Although seeds may differ in size, shape and color, they have parts which are common. These are the seed coat, the embryo and the food supply. The seed coat is tough and waterproof. It covers and protects the embryo and the food supply. The embryo is the baby plant. A part of the embryo, the radicle, grows into the primary root. As mentioned above, the seed has its own food supply, the endorsperm. The cotyledon, or seed leaf, absorbs the food in the endorsperm and transports it to the embryo.

A bean seed has two cotyledons. Each half of the seed is a cotyledon. These cotyledons absorb all the food supply. A corn seed has only one cotyledon. Seeds with two cotyledons are called dicotyledons or dicots, while those with one cotyledon are called monocotyledons or monocots.

Simple seed facts and germination process

Did you know that some fruits are mistaken for seeds because they are dry. Dry fruits have a seed enclosed in a thin, hard layer formed from the ovary. Examples of dry fruits are rice and corn.

When you plant a seed and the conditions are favorable, it will begin to grow, or germinate. But how does a seed germinate? To germinate, a seed needs three things, water, oxygen and the right temperature. When a seed gets wet, it absorbs the water. Then it starts to germinate. Germination is the sprouting of a seed. When a seed sprouts the embryo grows into a new plant.

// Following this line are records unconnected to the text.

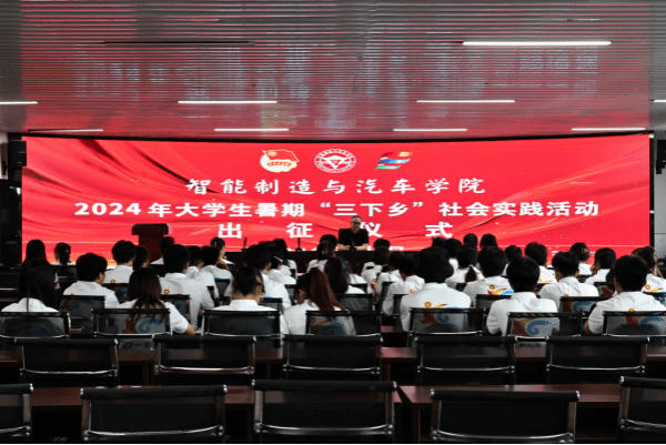 智能制造与汽车学院于2024年7月3日在16-203会议厅举行了2024年大学生暑期“三下乡”社会实践活动出征仪式。学院党总支书记严世同、团总支书记吴梁洲以及学院“三下乡”各团队共计11名指导老师和全体学生队员参加了此次出征仪式。
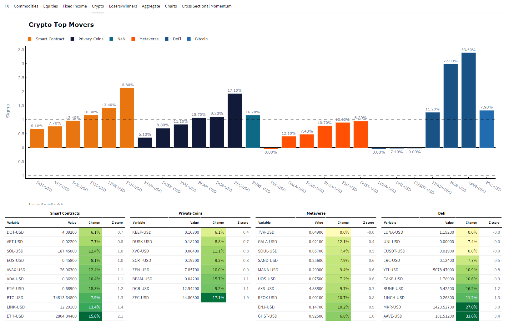 We'll examine cross-asset movements in ETFs, commodity futures, and cryptocurrencies over various timeframes, aiming to visualize the most significant deviations based on the average volatility of the past five years.
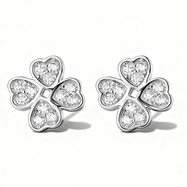 #幸運星簇四葉草耳釘#招運幸運符印配飾#緻閃耀耳間亮點#純銀滿鑽甜潤耳飾#職場輕甜穿搭耳環
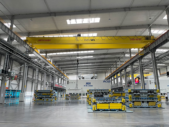ebpay钱包为扬力集团冲压机床产品量身定制多钩协同、重载大斜拉起重机,即“重型机床翻转专用起重机”,采用世界上最先进的“多购协同、大斜拉”独到设计,全车采用PLC控制、全变频调速、并配置故障自诊断和安全监控功能,先进的技术确保客户床身翻转稳稳当当、安安全全!该起重机应用于扬力集团的智能汽车冲压线生产制造车间。
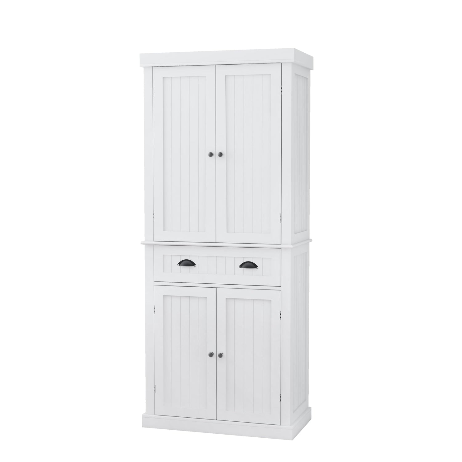 RASOO 72" Pantry Cabinets Freestanding Food Kitchen Pantry Storage Cabinet Cupboard with Drawer and Adjustable Shelves,White (Vertical bar Drawing Slot)
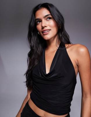 Missy Empire - Stram sort top med dobbelt formgivende effekt og vandfaldsudskæring
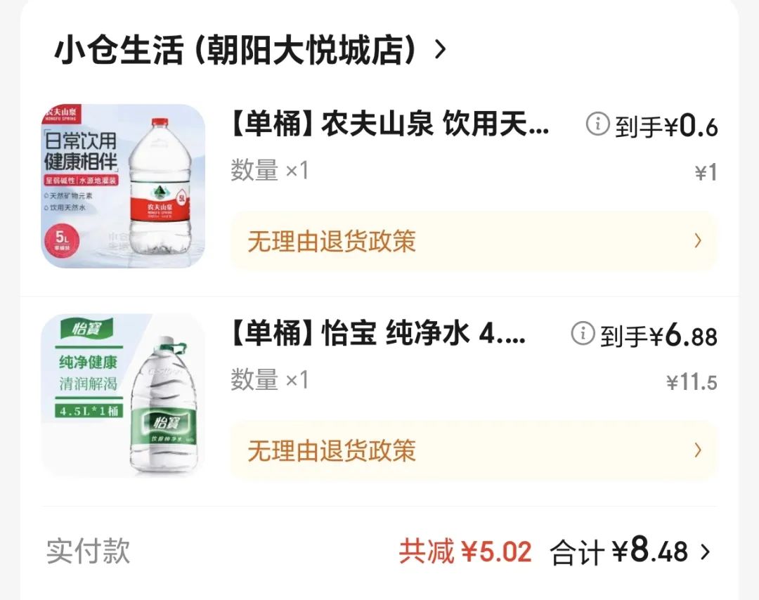 對用戶來說,湊平臺的極致滿減一直是復(fù)雜的數(shù)學(xué)題,有時是偽命題。但經(jīng)測試,在京東秒送,以北京小倉超市為例,用戶實付8.48元能夠買到規(guī)格5L的農(nóng)夫山泉,和4.5L的怡寶純凈水。
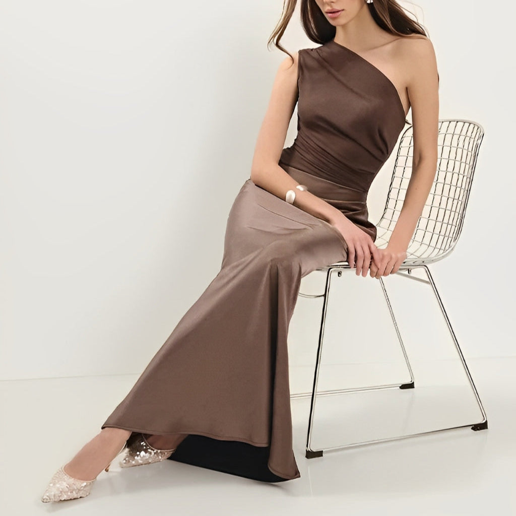 Vestido de Mujer Aura de Satén - Un Solo Hombro, Máxima Elegancia

Soak any kind of bean seeds in water. Observe the changes that happen to the seeds as they begin to sprout. First, the seeds swell or become large as water enters them. The seed coat softens and then breaks. Soon a tiny root (the radicle) appears from the seed and grows downward. A shoot, which will become the stem, also appears and grows upward. Later, the first leaves appear on the stem and the seed coat drops off. As the stem grows upward, more and more leaves appear, while the cotyledons becomes smaller. The germinating seed needs food. It uses the food stored in the cotyledons as it grows. Later, the cotyledons (which, by then, have shrunk to a much smaller size) will drop off. By this time, the leaves of the growing plant can already make food. The plant will use this food as it continues to grow.

Did you know that scientist found lotus seeds stored for ten thousand years could still germinate under favorable conditions?